Question

A prism of refractive index $\mu$ and angle A is placed in the minimum deviation position. If the angle of minimum deviation is A, then the value of A in terms of $\mu$ is:

• A. $si{n}^{-1}\left(\frac{\mu }{2}\right)$
• B. $si{n}^{-1}\sqrt{\frac{\mu -1}{2}}$
• C. $2co{s}^{-1}\left(\frac{\mu }{2}\right)$
• D. $2co{s}^{-1}\left(\frac{\mu }{8}\right)$

Answer 1

Answer: (C)

$2co{s}^{-1}\left(\frac{\mu }{2}\right)$

We can use the formula: $\mu =\frac{sin\left(\frac{A+D}{2}\right)}{sin\left(\frac{A}{2}\right)}$ where $D$ is angle of minimum deviation and $A$ is angle of prism.

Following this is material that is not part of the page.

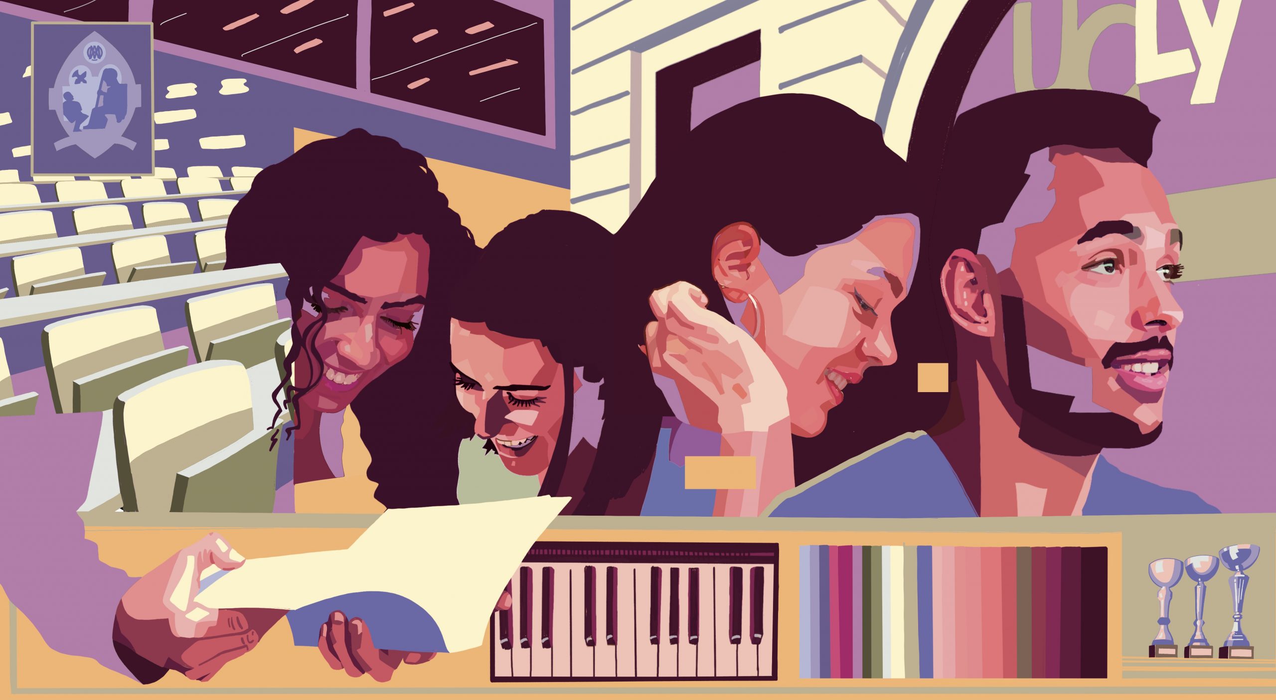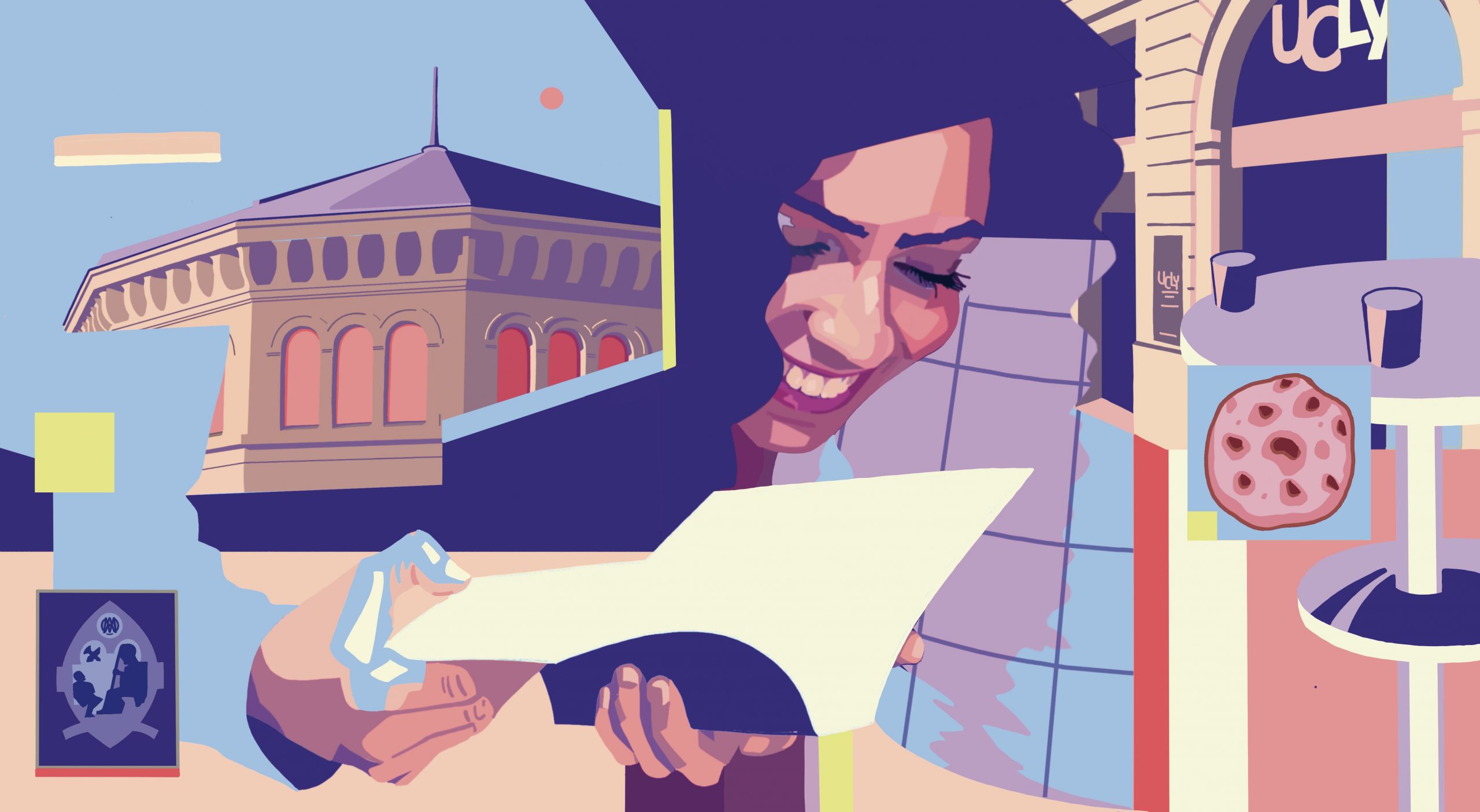 Enfin, la fresque rend hommage à son Histoire, à travers des éléments architecturaux emblématiques : la façade du campus Carnot (ancienne caserne militaire), la coupole du campus Saint-Paul (ancienne prison), qui témoignent de l’enracinement profond de l’UCLy dans le paysage lyonnais.

According to given condition $A=D$

$\therefore$ $\mu =\frac{sin\left(\frac{A+A}{2}\right)}{sin\left(\frac{A}{2}\right)}$

$\mu =\frac{sin\left(A\right)}{sin\left(\frac{A}{2}\right)}$

$\mu =\frac{2sin\left(\frac{A}{2}\right)cos\left(\frac{A}{2}\right)}{sin\left(\frac{A}{2}\right)}$

$\mu =2cos\left(\frac{A}{2}\right)$

$\therefore$ $A=2{\cos }^{-1}\left(\frac{\mu }{2}\right)$ which is the required solution.